* _To do_: Return all lines from the listing below that include the word "premium".
***** Data for processing *****
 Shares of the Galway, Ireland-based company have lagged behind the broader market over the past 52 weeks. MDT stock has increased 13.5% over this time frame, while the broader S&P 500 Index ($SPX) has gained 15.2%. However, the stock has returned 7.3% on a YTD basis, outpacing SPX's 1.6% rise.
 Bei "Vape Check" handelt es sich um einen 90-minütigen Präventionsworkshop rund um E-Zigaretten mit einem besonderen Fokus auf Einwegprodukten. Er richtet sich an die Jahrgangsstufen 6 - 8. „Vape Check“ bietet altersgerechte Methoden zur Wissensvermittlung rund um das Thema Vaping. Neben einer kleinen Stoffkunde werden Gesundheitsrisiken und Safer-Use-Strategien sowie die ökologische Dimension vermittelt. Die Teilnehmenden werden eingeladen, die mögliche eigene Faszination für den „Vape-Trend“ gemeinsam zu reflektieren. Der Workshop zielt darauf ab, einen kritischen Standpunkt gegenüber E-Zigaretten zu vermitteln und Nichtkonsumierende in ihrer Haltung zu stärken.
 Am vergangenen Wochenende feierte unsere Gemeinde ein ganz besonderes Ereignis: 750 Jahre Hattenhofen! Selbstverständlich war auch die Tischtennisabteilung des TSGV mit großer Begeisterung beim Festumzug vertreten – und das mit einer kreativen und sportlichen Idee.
*****
***** Data for processing *****
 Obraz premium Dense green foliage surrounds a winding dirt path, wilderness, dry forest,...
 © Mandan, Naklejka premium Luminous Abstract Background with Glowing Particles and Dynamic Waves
*****
***** Data for processing *****
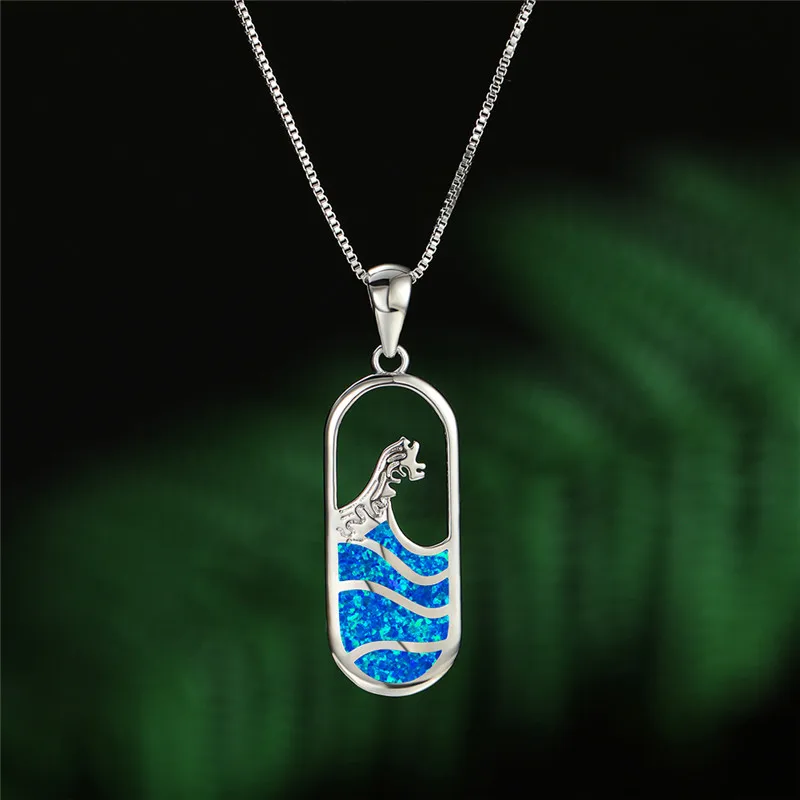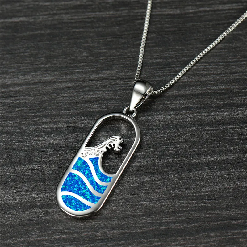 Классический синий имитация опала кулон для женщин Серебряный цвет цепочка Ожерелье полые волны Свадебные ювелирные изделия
*****
* _Response to the exercise_:
 Obraz premium Dense green foliage surrounds a winding dirt path, wilderness, dry forest,...
 © Mandan, Naklejka premium Luminous Abstract Background with Glowing Particles and Dynamic Waves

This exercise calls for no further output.